Tuesday, June 26, 2012

Done

Today someone asked me what day of the week it was, and I thought to myself, "Sunday?"  In fact it is Tuesday, and it's Day 5 of summer vacation.  Clearly I haven't adjusted to the routine yet, though I have started having weird dreams about the new school year.  The old dreams haven't stopped yet.

The school year ended without much fanfare.  I have left a half dozen companies/jobs in my adult life, and it's never been this anticlimactic.  I didn't want or expect a big fuss, but I guess I expected at least a little something, a few nice words.  I didn't see nearly as many kids for official goodbyes as last year; for whatever reason they just stopped coming, or came and then disappeared without saying I wouldn't see them again.  Most teachers did say at least a little something to me in passing in the hall, and I had a very nice farewell handshake from Mr. L and Mr.
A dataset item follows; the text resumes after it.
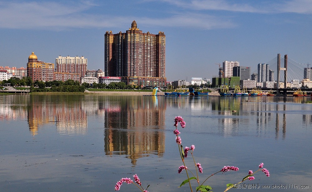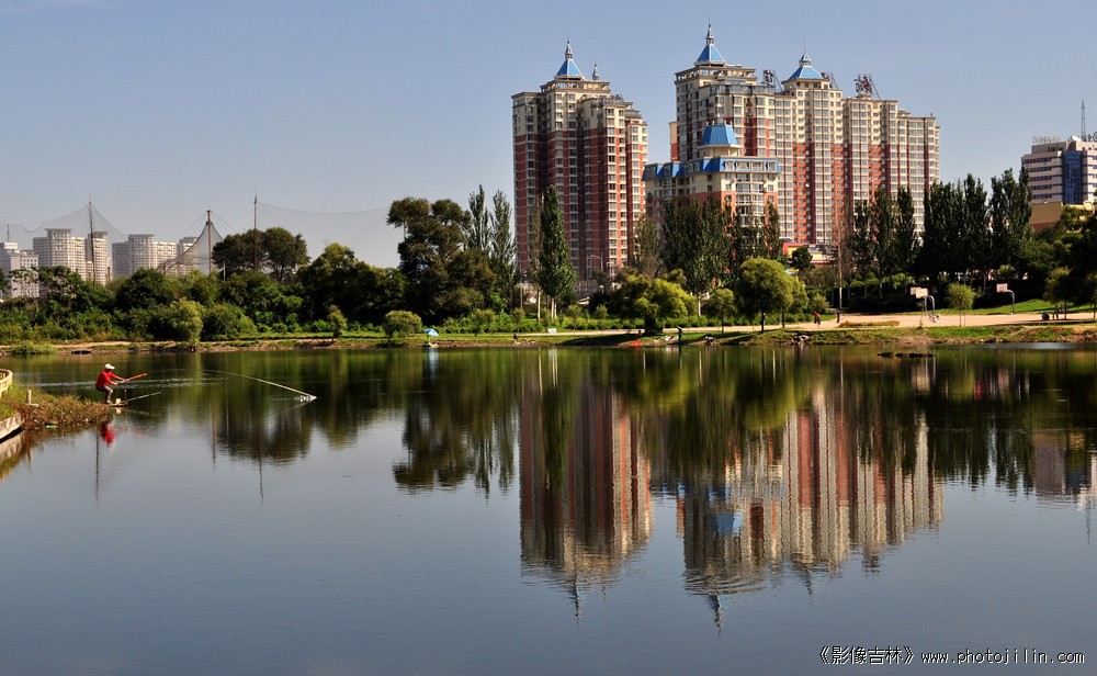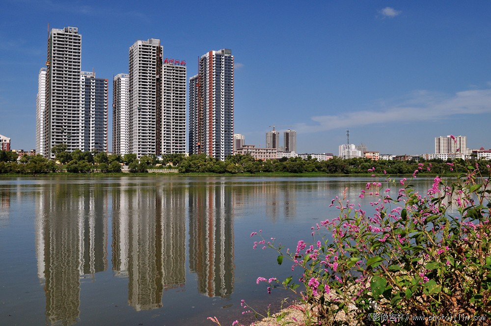 临江美景,高楼林立,湖面如镜,倒影清心。构图合理,色彩艳丽,一展北国江城壮美画面。
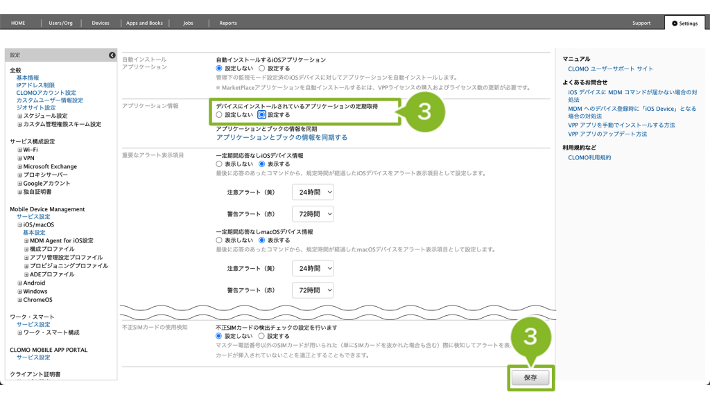 3. アプリケーション情報の「デバイスにインストールされているアプリケーションの定期取得」を「設定する」を選択し、[保存]をクリックします。

P at the final "professional development" meeting.

As I think more about it, I guess it's really the administrators I'm disappointed with.  I didn't even see or talk to either of the administrators who were my direct supervisors.  Not just on my last day, but did not see either of them (other than spotting them in the back of their offices while they were on the phone or in the hallway engrossed in conversation with someone else) for the three days of the last week of school.  I know they were at school, and I left nice farewell notes in their mailboxes on the third-to-last day.  They were busy with wrapping up their own things, but still.  Maybe I should have made a more concerted effort to approach them.  I thought I had a decent relationship with both of them, but I left with a bad taste in my mouth and a prevailing feeling that my last two years didn't amount to much.